While lithium-ion batteries have gotten dramatically cheaper over the last decade, with prices dropping around 90 percent, their dependence on expensive materials like nickel and cobalt means there is a limit to how far costs can fall. Whereas lithium-ion batteries used for power storage can cost up to $350 per kilowatt-hour, ESS’s iron-based battery could be purchased for as little $200 per kilowatt-hour or less by 2025 and store energy for longer, Bloomberg reported.

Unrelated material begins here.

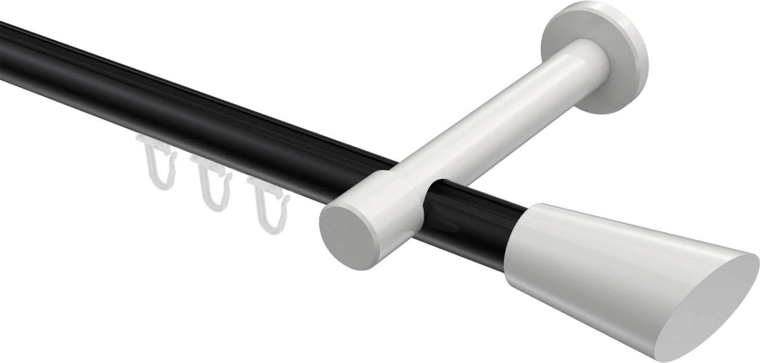 Gardinenstangen mit Innenlauf aus Aluminium / Metall in 20 mm Ø, 1-läufig, Modell PRESTIGE - Bento Schwarz / Weiß

Since iron-flow batteries do not work like the lithium-ion batteries used in smartphones or EVs, they have limited applications. Because the electrolytes stored within need to be moved with a physical pump, iron-flow batteries are much larger than lithium-ion batteries — ESS batteries are sold inside shipping containers. But they are still a practical option for grid storage.

New Iron-Based Batteries Offer an Alternative to Lithium - Yale E360

12 Volt Lifepo4 Battery “Long-duration energy storage, like this iron-flow battery, [is] key to adding more renewables to the grid,” Venkat Viswanathan, a battery expert and associate professor of mechanical engineering at Carnegie Mellon University, told Bloomberg.